If my understanding is correct, calling the .backward()
of a Variable
only generates the gradients of the leaf nodes. Is there any way to calculate the gradients w.r.t to an arbitrary Variable, sort of like torch.gradients(loss, variables)
Hello @Abhai_Kollara
Update:
The proper solution is to use .retain_grad()
v = torch.autograd.Variable(torch.randn(3), requires_grad=True)
v2 = v+1
v2.retain_grad()
v2.sum().backward()
v2.grad
Apparently, this is common enough.
This is what I had posted before I knew better:
how about using hooks, e.g.
v = torch.autograd.Variable(torch.randn(3), requires_grad=True)
def require_nonleaf_grad(v):
def hook(g):
v.grad_nonleaf = g
v.register_hook(hook)
v2 = v+1
require_nonleaf_grad(v2)
v2.sum().backward()
v2.grad_nonleaf
I don’t recommend calling it .grad
to not collide with pytorch internals.
Best regards
Thomas
Hello @tom
I want to get the gradients of the discriminator network w.r.t the fake variable generated by the generator net. I tried both of your solutions, by using the first way I get None for the gradient value and by the second solution I get the following error:
AttributeError: ‘Tensor’ object has no attribute ‘grad_nonleaf’.

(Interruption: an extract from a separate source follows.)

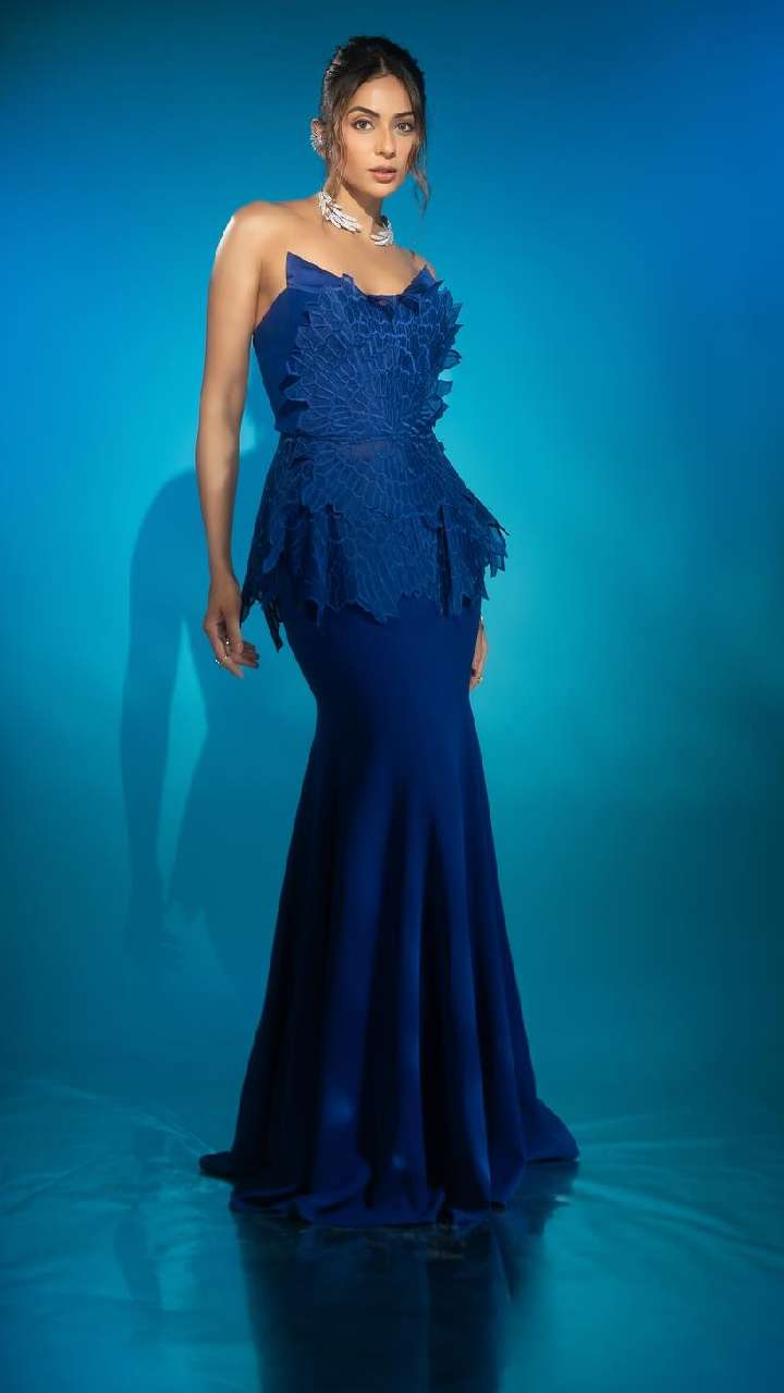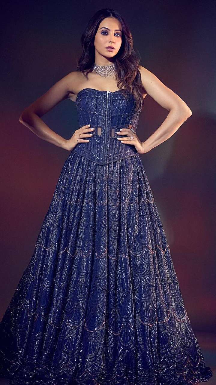 ब्लू गाउन में एक्ट्रेस हॉट लग रही है। शादी के बाद भी हॉट और ग्लैमरस दिखने के लिए आप इस डिजाइनर गाउन को कैरी कर सकती हैं।
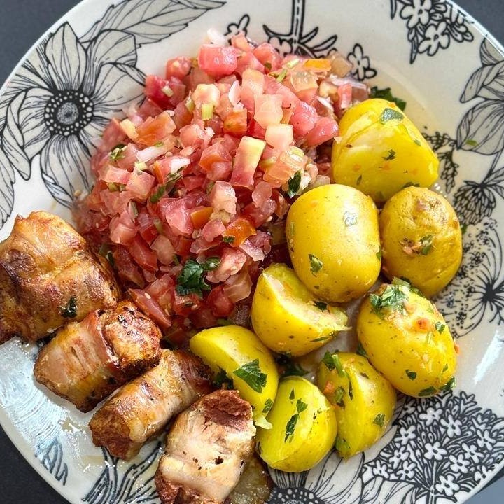 Pratinho 1 o Tradicional da casa 1 Espeto Da Sua Escolha Vinagrete E Batata Em Conserva

Do you have any idea of what’s wrong?
Most likely, your generator output doesn’t require gradients, maybe put it in eval or set requires_grad=False on its parameters.
Best regards
Thomas
Dear Thomas
Thanks for your posting. I am also encountering the ‘optimize non-leaf variable’ issue and I am grategul if you can provide some feedback to my practice.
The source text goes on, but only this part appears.